## Problem description
The line with "Create a beautifully" marks the first line to copy, and the line with "4: ④を炊飯釜に入れて2〜" marks the last. Transcribe that stretch of the data below exactly, without pictures.

## Data for this exercise

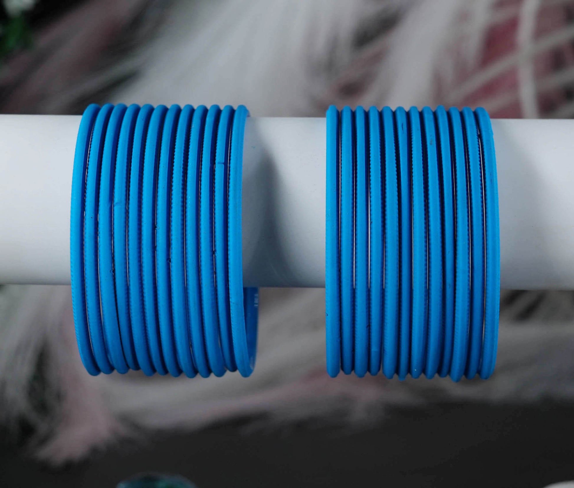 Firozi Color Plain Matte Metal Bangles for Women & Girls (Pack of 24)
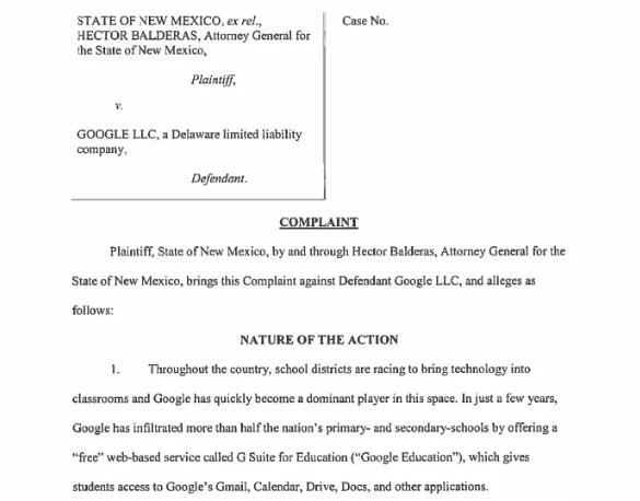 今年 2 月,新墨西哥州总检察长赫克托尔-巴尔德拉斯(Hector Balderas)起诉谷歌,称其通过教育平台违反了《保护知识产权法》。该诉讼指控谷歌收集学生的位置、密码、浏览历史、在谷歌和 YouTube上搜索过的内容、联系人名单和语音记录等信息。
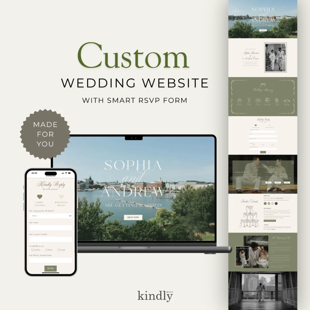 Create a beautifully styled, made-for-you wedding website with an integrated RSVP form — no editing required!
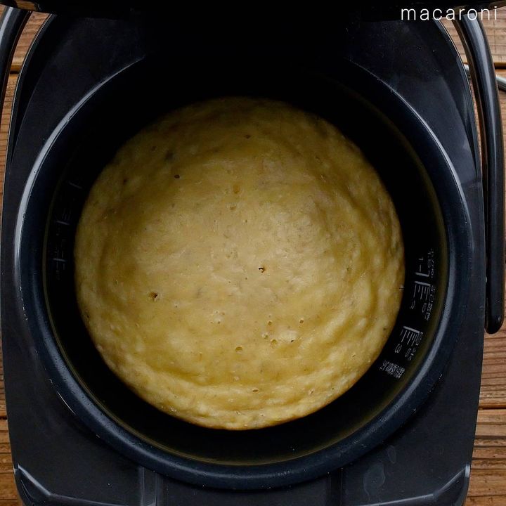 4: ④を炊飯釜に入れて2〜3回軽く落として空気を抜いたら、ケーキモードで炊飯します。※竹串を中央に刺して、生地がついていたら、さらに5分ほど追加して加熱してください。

...

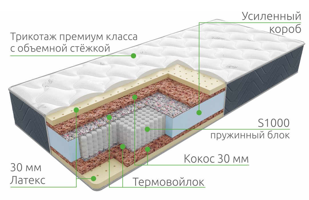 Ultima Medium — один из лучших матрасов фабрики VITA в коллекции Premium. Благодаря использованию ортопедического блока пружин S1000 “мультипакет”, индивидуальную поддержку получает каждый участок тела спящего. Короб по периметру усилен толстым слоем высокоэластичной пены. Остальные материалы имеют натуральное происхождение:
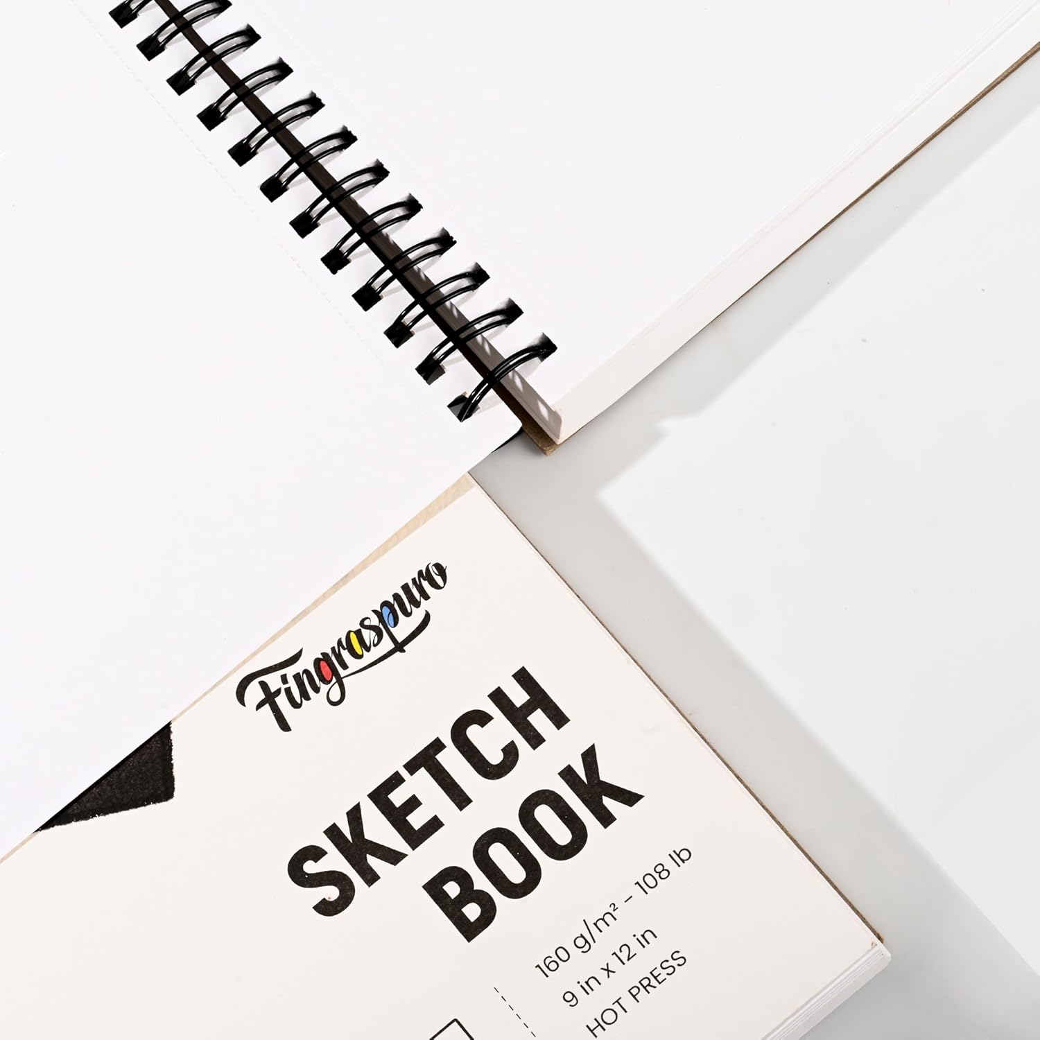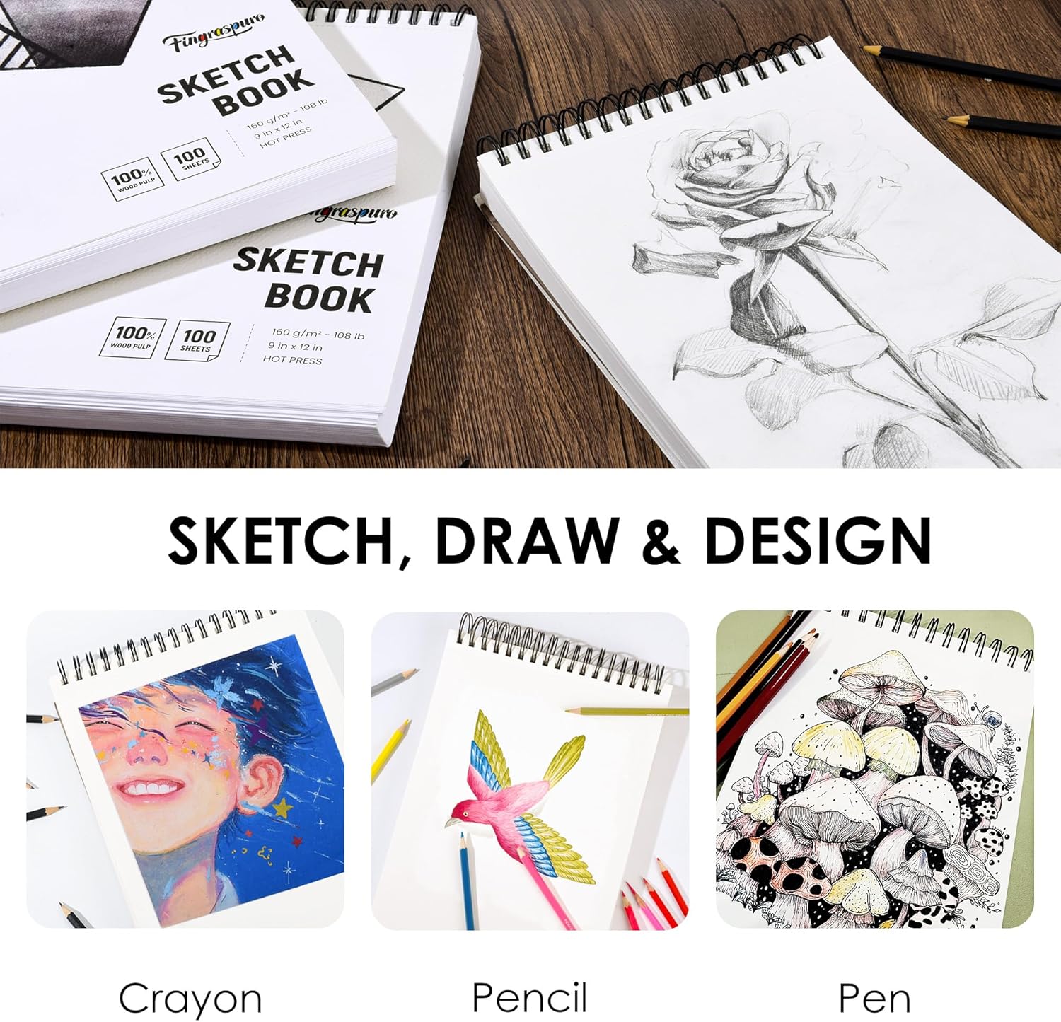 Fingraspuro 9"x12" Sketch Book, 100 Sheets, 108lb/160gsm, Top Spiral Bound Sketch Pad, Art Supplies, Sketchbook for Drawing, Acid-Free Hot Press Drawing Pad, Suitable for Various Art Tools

## Answer
 Create a beautifully styled, made-for-you wedding website with an integrated RSVP form — no editing required!
 4: ④を炊飯釜に入れて2〜3回軽く落として空気を抜いたら、ケーキモードで炊飯します。※竹串を中央に刺して、生地がついていたら、さらに5分ほど追加して加熱してください。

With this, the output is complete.